Parava; Breaking the Muslim Stereotype and Free From the So-called Kochi Elements

Mrudula P Ravi

“Dude, check whether my fever increased or not,” Ichappi asked his bestie Haseeb as Ichappi pretended to be ill as an excuse for not going to school. This is one of the so-called nostalgic situations most us can relate to, in our childhood chats with that one childhood bestie we all have/had. And the movie ‘Parava’ has many of these relatable situations. For me the reasons to watch Parava were plenty. Soubin Sahir is the first and most important reason. ‘Artist baby are you this silly/cheap?’ is the famous dialogue of Soubin in the movie ‘Maheshinte Prathikaram’ which became the hilarious sarcastic dialogue of a common Malayali and its political reach is unpredictable. When the same Soubin is doing a film, the reach of that single dialogue comes to our mind, and beyond this, there are plenty other strong reasons why Soubin is an expectant person. Since the time he came into Malayalam film industry it’s been an appreciable journey from an assistant director to an incredible actor and now to a proven brilliant filmmaker as well. Also, he made his unique and exceptional way of filmmaking despite the influence from all the contemporary directors he has assisted. It’s a responsibility and a quality to not get into imitations and it’s brilliant when one is able to create a unique mark.
Definitely, Parava is a movie with a lot of brilliant elements. As part of my dissertation work regarding Kochi as a new suburban space of Malayalam cinema, I had gone to Kochi, especially Mattancherry fort Kochi area for interviewing the native people there. I remember the overwhelming response from my interviewees about their expectations on the movie Parava. “Parava will be our movie coz Soubin is the one who knows the place and the people. And this will be our story despite all the celebrated Malayalam cinema located in Kochi’. As a person who lives outside Kerala since last week I was enthusiastically looking at the releasing theatre lists and my friend and I were not able to resist ourselves from watching this most anticipated movie. Hence we rushed into the theatre and the film made our day. I sensed the movie all possible ways, which made me laugh, cry, smell, and keep my excitement until the end.

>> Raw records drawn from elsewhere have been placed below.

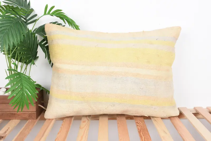 Brown & White Striped Pillow, 20x28 Embroidered Throw Pillow
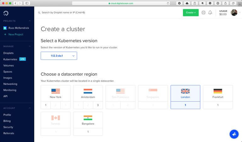 As you can see from the screen above, I used the latest version of Kubernetes supported by DigitalOcean, and as I am based in the UK, I choose to use DigitalOceans London datacentre region.
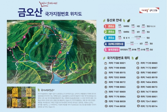 구미시가 탐방객과 시민이 많이 찾는 금오산 등산로 주요 지점에 국가지점번호판 20점을 설치했다.
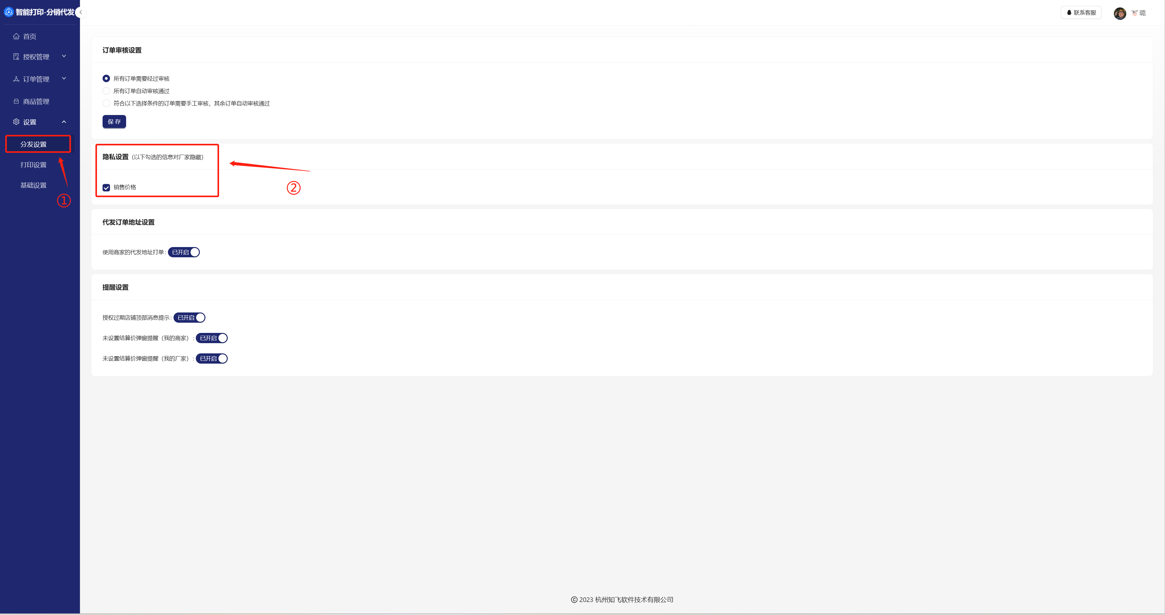 【分发设置】——【隐私设置】,勾选“销售价格”,上游厂家就看不到自己店铺的产品销售价格了
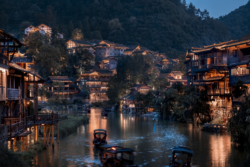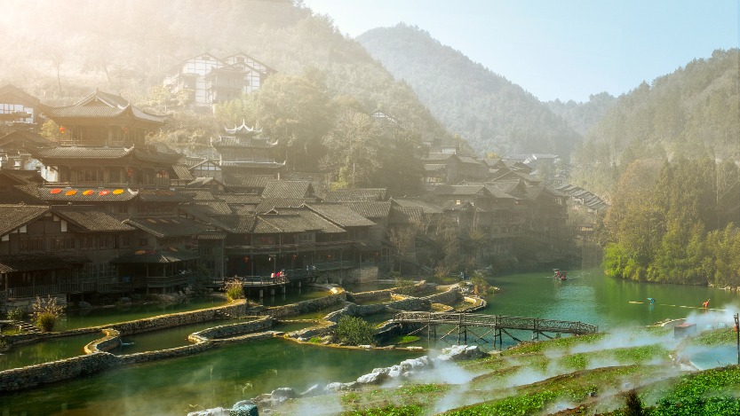 The Wujiang River flows through the village like a jade ribbon, on both sides are stilted buildings standing in rows.
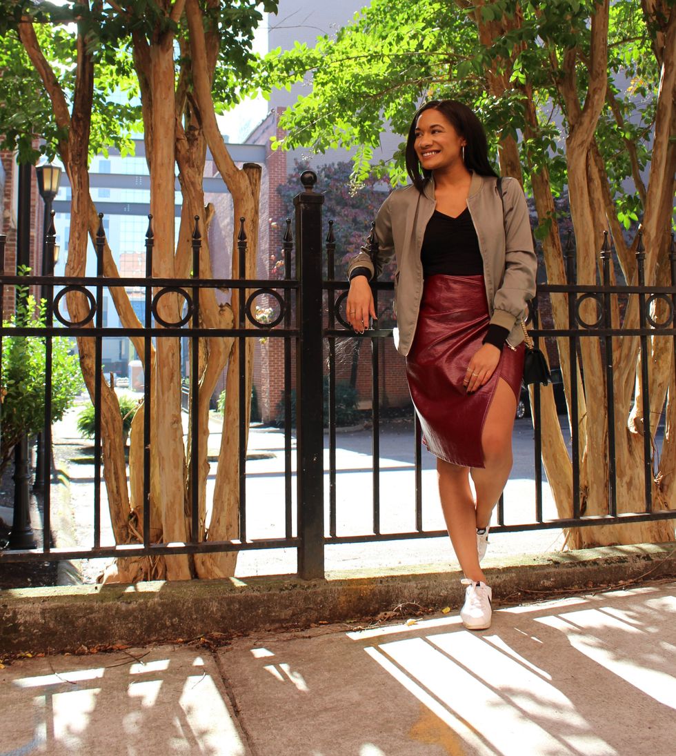 Don't be fooled - midi skirts are perfect for the girl who loves sneakers. Quite possibly one of the coolest street trends in 2019 was to pair any outfit with white sneakers. It's the perfect way to capsulize any outfit and a street trend I've been practicing for years. If you want to add some depth, opt for a skirt with a slit. It gives you the illusion of heels without having to actually wear them. It's the perfect "girlboss-on-the-go" look that can't be beaten.
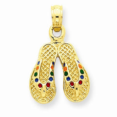 14k Gold Rainbow Enameled Flip Flops Pendant
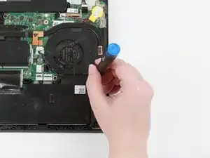 Снимите провод динамика с держателей вдоль нижней части ноутбука.
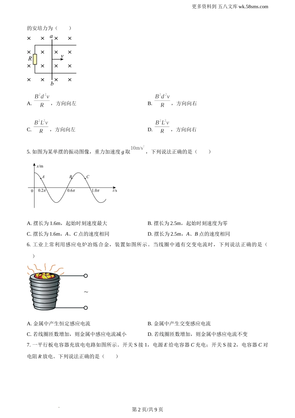 更多资料到五八文库wk.58sms.com机密★启用前2024年甘肃省普通高校招生统一考试物理注意事项:1.答卷前,考生务必将自己的姓名、准考证号填写在答题卡上2.回答选择题时,选出每小题答案后,用2B铅笔把答题卡上对...
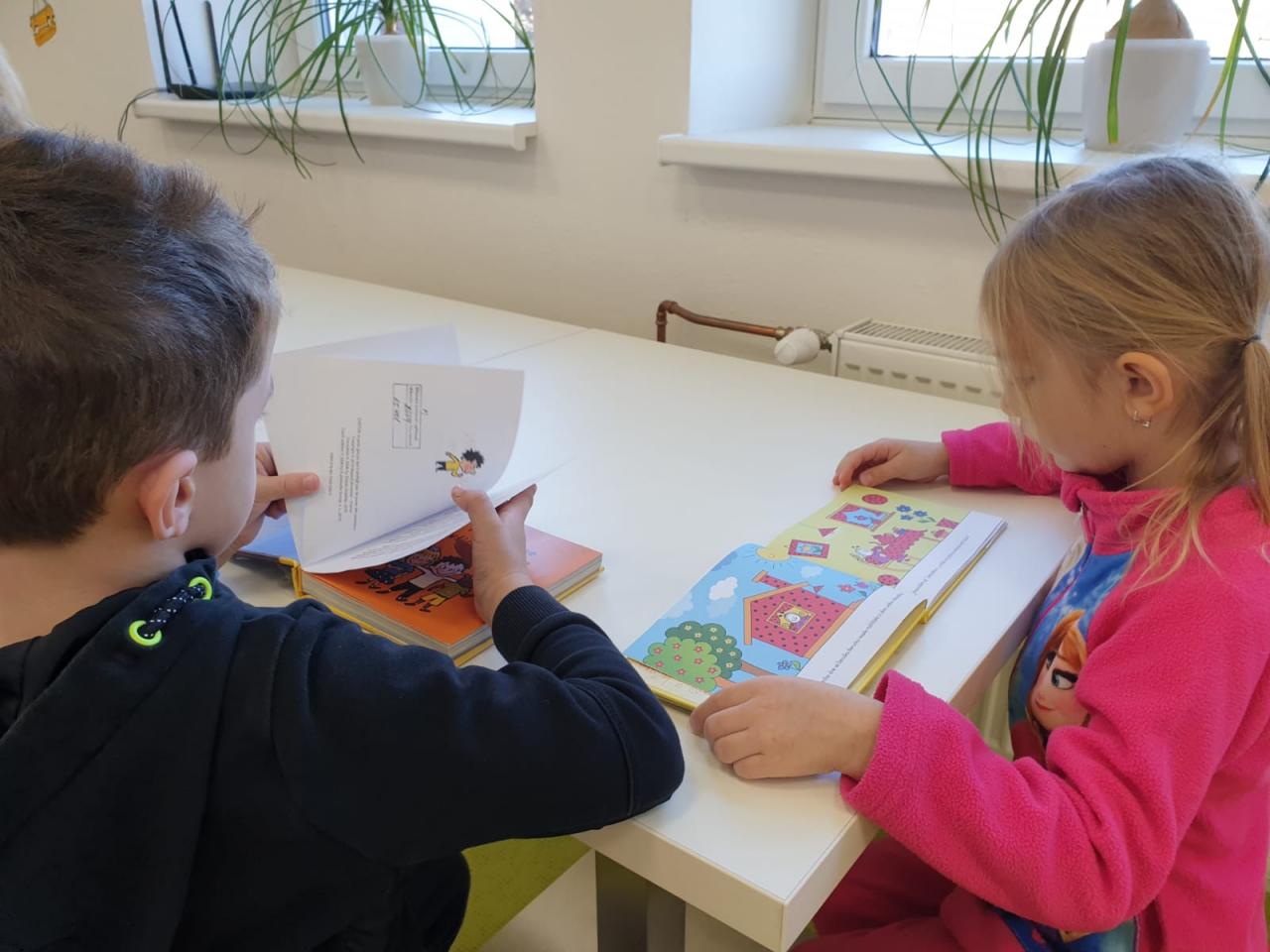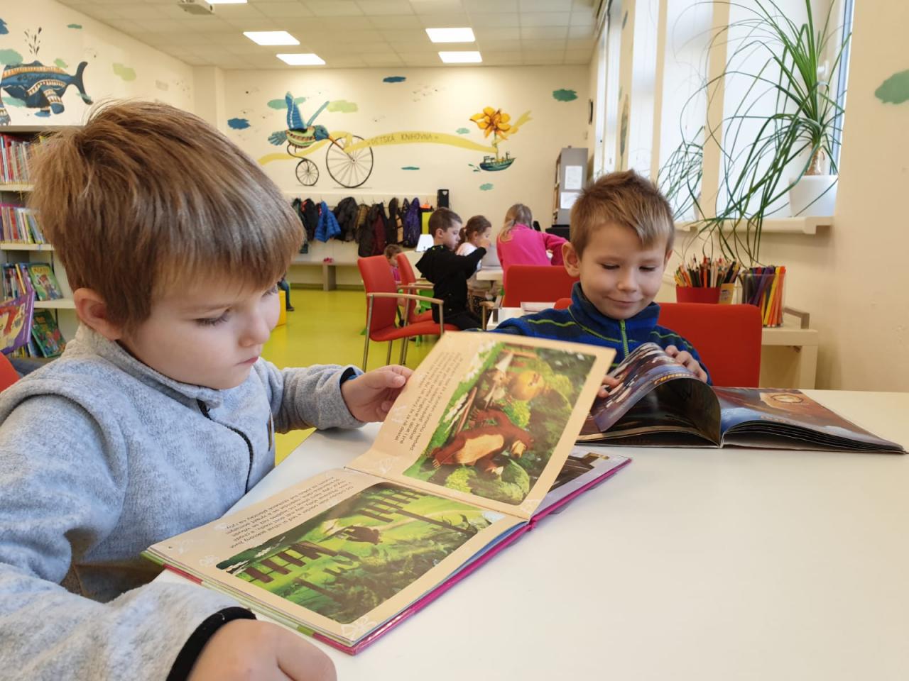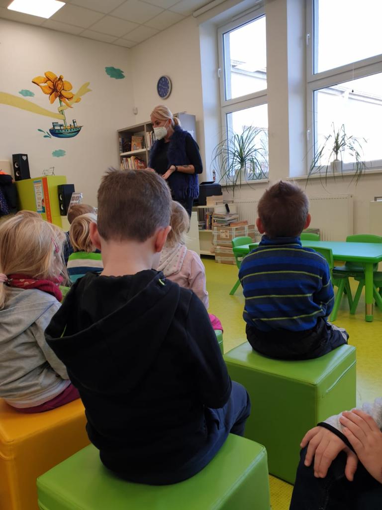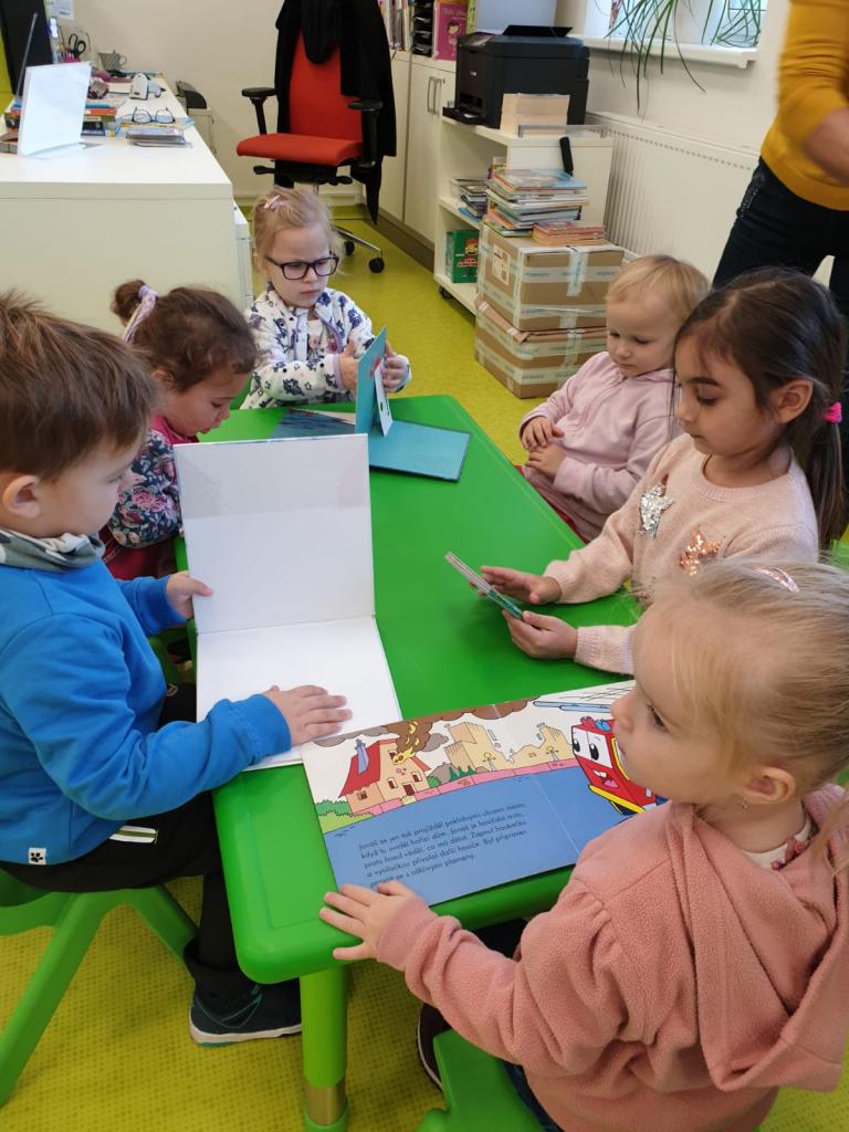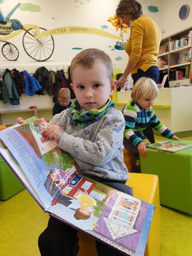 Děti ze třídy Sluníček se vypravily do naší městské knihovny. Seznámily se s paní knihovnicí, která jim ukázala pohádkové knížky, poučila je o správném chování ke knihám a přečetla jim pohádku. Na závěr si každý mohl půjčit knihu a prohlédnout si ji. Cestou zpátky si pohrály děti s barevným listím.
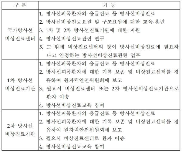원안위는 방사선 비상상황 발생 시 국가 차원의 체계적인 의료대응이 가능하도록 권역별 비상진료기관을 지정·운영하고 있으며, 비상진료기관의 의사·간호사·응급구조사 등 총 680여명을 비상진료요원으로 확보하고 있다.
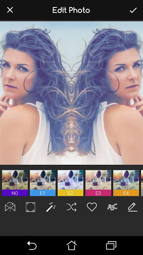 Magic mirror photo effect allows you to create mirror reflection effect for your photos and make photos artistic, fantastic and incredible. With Magic mirror photo effect, You create beautiful photo with mirror effect, cool filters and beautiful frames.
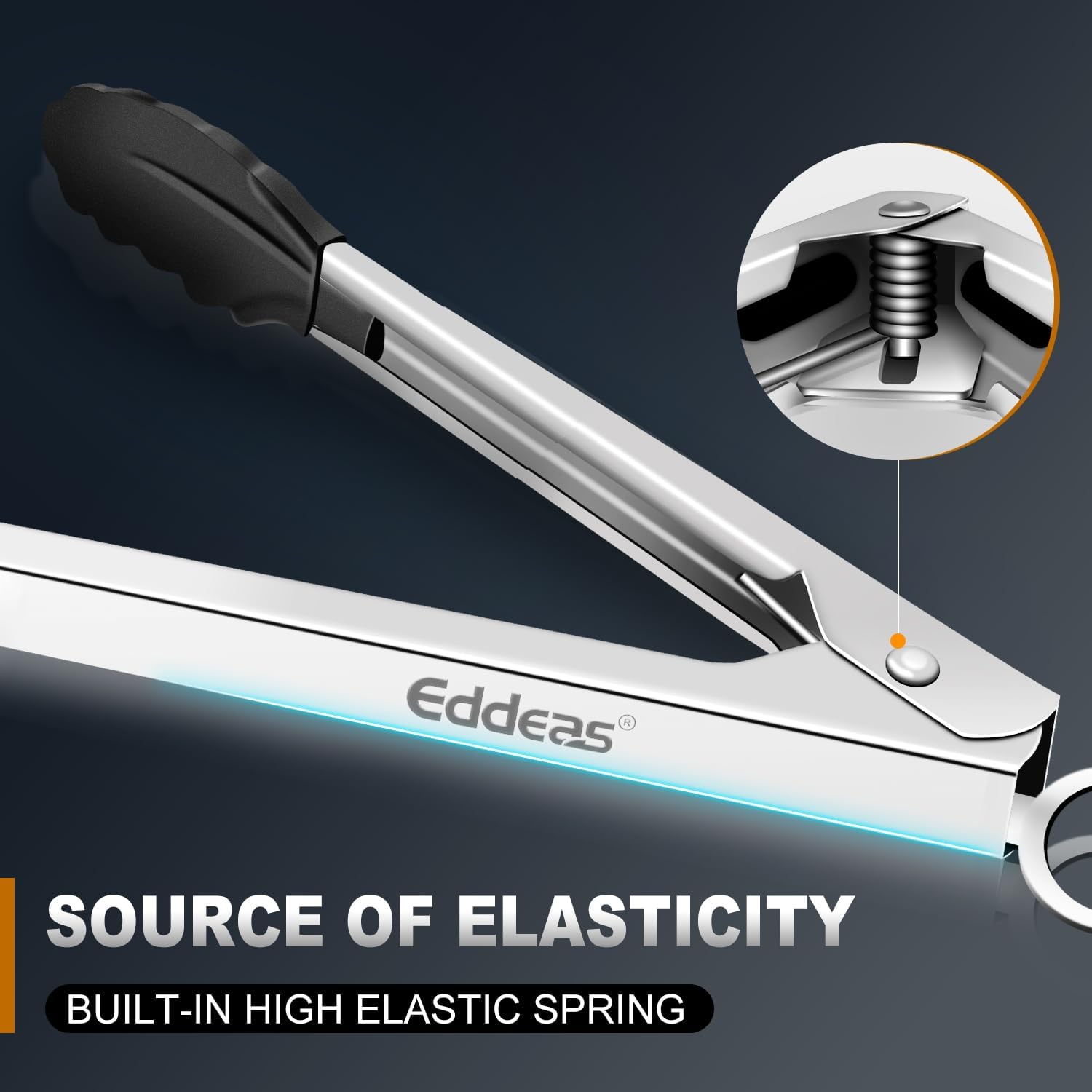 - LOCKING MECHANISM & PULL-RING TECHNOLOGY - Eddeas ring-pull technology will keep your tongs from opening and closing accidentally which will allow you to facilitate better control while using them. And can be conveniently dried and stored. the tongs easily become compact when you pull the easy pull lock up, they fit seamlessly in most drawers and cabinets for easy storage; also include a hook for easy hang
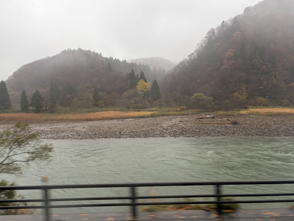 車窓からは、最上川や紅葉残る山々の風景。
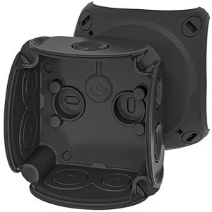 Puszka instalacyjna natynkowa HENSEL o wymiarach 84x84x55 mm to hermetyczna obudowa, zapewniająca wysoki stopień ochrony IP66, co gwarantuje jej odporność na pył i wodę, idealną do wymagających warunków instalacyjnych.
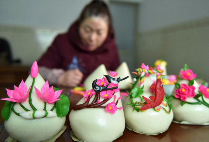 Steamed bun with colorful patterns is a traditional food during the Spring Festival in some parts of China.
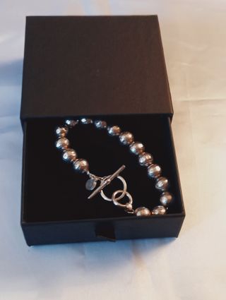 Bellissimo bracciale in argento con perle bianche e nere di onice. Materiale Principale: La catena del bracciale è in argento 925. Pietre: Presenta perle coltivate d'acqua dolce (bianche) e perle nere che sono onice. Stile: Il design incorpora la maglia a serpente (snake chain). Misura 19.5 cm In vendita su altre piattaforme online!
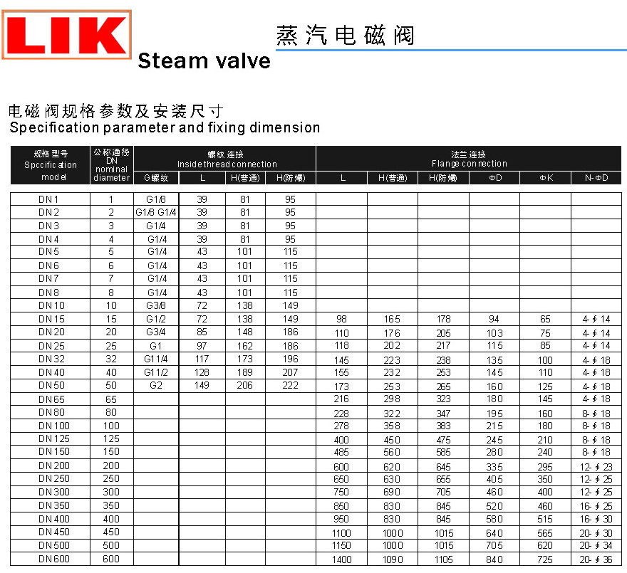 進口蒸汽電磁閥主要技術參數

Ichappi, Haseeb, Six four club, love to the pigeons and their each flight to the sky, Ichappi’s sarcastic ithathaa, ummichi, the combo of beef pathiri, the uncountable waves of the sea, and flavored walls of Mattancherry and so on are the most naive elements which came along with us even after the movie. Maybe all these are just the fringe elements of the movie which added colors to the narration. Apart from this, it’s important to look at how the filmmaker tightly balanced the ethnography without exoticizing it. This is the one smashing and admirable movie which is free from the stereotyped Kochi elements in terms of characters as well as culture. The film reinforced narrations an indigenous place possible without the realm of romanticization of their language by just using some words like ‘dude, bro, machhan, scene contra and so on. Here the characters are breathing clearly without the ornamental tone of language because the film has shown the language in its fairness and authenticity. It has given an identity to Mattancherry without the baggage of gangster and drug culture. This is the brilliance of a director who has treated the film without making it too fragile or attributing the ethnography to the usual misconceptions.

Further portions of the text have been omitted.